TASK PROMPT: Every line in the material below that includes "into" should be copied.

╭─ EXERCISE INPUTS

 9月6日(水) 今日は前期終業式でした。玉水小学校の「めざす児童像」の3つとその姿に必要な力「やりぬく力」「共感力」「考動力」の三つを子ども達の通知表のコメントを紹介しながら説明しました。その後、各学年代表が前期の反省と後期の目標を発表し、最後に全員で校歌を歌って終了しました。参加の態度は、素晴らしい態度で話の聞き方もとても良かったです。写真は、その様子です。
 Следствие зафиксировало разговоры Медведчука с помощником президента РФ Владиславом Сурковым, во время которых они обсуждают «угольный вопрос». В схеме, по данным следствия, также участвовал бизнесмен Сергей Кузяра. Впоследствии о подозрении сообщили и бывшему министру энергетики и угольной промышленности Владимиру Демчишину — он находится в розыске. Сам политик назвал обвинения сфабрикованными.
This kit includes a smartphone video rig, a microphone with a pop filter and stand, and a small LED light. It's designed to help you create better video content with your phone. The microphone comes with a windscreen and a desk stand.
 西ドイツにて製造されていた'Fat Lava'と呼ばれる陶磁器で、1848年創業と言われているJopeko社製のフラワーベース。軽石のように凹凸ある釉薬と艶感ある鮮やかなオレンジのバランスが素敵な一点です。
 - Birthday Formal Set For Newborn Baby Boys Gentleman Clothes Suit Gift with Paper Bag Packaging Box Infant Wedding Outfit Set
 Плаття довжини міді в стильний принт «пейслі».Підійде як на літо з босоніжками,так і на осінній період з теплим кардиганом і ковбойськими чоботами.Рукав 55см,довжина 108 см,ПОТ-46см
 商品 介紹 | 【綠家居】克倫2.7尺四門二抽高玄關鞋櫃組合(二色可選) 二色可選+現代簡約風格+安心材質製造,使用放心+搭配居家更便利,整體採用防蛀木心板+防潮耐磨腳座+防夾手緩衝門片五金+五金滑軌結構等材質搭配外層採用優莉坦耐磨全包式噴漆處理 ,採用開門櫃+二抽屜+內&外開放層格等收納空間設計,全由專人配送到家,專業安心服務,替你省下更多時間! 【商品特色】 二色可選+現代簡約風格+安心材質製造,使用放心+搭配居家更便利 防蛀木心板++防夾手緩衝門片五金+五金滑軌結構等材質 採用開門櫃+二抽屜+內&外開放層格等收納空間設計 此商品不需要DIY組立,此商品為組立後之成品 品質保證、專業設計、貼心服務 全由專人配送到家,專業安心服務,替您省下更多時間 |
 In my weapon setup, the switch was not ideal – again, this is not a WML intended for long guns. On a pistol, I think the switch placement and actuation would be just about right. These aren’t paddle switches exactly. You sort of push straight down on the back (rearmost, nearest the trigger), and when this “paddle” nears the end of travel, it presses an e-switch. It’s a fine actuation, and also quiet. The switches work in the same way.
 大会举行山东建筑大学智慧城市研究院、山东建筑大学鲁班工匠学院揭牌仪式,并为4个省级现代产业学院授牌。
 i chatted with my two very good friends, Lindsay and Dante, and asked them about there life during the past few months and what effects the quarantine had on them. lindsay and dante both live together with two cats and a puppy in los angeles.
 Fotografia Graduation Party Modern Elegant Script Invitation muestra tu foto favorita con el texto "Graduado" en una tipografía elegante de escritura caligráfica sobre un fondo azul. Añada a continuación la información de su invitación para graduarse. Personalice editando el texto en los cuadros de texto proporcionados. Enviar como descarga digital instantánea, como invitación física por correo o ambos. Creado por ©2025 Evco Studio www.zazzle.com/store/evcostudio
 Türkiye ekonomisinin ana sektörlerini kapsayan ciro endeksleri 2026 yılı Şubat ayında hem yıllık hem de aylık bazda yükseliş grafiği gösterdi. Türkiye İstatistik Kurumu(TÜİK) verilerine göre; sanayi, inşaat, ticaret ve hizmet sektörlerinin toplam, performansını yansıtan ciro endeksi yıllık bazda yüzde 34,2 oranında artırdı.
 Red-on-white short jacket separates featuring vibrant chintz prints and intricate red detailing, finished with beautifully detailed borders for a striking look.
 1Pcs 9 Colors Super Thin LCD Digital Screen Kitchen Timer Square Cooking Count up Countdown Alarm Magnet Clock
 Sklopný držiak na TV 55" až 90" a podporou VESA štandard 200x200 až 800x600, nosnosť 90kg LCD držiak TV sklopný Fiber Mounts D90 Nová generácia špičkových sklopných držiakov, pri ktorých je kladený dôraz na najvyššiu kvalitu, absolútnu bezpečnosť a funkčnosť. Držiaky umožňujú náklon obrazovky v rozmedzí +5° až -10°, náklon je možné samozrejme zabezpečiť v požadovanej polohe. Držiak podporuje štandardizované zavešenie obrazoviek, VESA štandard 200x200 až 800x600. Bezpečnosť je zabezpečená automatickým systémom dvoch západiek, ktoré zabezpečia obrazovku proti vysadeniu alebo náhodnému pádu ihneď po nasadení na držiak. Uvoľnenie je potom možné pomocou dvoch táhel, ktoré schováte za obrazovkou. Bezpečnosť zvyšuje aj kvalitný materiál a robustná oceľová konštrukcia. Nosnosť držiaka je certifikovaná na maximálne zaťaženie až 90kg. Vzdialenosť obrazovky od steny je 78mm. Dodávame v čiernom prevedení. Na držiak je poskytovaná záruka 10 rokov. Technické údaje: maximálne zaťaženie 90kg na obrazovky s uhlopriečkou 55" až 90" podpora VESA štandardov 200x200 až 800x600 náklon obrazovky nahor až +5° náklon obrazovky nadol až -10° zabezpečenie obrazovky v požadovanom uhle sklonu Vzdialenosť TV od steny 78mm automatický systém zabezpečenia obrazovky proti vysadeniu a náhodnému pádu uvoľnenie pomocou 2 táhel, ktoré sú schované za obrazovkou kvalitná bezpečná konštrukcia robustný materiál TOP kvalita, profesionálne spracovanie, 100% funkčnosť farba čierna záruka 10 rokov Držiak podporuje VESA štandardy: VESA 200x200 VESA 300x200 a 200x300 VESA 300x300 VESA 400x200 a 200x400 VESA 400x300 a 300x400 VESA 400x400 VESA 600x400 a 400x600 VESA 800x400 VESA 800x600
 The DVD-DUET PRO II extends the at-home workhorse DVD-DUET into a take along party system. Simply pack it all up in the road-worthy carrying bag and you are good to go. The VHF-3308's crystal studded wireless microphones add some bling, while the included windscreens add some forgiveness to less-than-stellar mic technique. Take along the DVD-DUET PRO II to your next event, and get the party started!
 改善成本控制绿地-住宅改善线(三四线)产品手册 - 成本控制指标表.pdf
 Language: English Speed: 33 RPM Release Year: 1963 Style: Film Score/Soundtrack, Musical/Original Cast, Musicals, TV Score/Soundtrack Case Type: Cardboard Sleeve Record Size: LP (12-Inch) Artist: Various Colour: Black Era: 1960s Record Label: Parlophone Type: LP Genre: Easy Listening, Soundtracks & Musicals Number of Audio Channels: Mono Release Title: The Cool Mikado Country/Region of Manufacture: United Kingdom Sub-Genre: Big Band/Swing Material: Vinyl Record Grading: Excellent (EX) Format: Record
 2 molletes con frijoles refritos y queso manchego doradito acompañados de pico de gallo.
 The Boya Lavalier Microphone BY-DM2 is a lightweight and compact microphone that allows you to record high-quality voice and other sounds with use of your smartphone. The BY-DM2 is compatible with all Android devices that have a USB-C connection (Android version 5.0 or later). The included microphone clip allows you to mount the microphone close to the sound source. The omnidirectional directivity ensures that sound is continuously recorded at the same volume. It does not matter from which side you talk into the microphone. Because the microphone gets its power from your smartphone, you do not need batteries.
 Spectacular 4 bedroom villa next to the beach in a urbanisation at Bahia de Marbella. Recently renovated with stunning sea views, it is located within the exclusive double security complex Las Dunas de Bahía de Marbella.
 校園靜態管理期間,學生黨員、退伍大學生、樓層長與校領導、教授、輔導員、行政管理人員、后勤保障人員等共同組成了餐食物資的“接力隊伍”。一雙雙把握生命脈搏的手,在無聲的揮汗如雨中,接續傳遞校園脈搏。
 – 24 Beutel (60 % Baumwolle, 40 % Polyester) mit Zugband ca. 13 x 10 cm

╰─

WRITTEN SOLUTION:
 The DVD-DUET PRO II extends the at-home workhorse DVD-DUET into a take along party system. Simply pack it all up in the road-worthy carrying bag and you are good to go. The VHF-3308's crystal studded wireless microphones add some bling, while the included windscreens add some forgiveness to less-than-stellar mic technique. Take along the DVD-DUET PRO II to your next event, and get the party started!
 The Boya Lavalier Microphone BY-DM2 is a lightweight and compact microphone that allows you to record high-quality voice and other sounds with use of your smartphone. The BY-DM2 is compatible with all Android devices that have a USB-C connection (Android version 5.0 or later). The included microphone clip allows you to mount the microphone close to the sound source. The omnidirectional directivity ensures that sound is continuously recorded at the same volume. It does not matter from which side you talk into the microphone. Because the microphone gets its power from your smartphone, you do not need batteries.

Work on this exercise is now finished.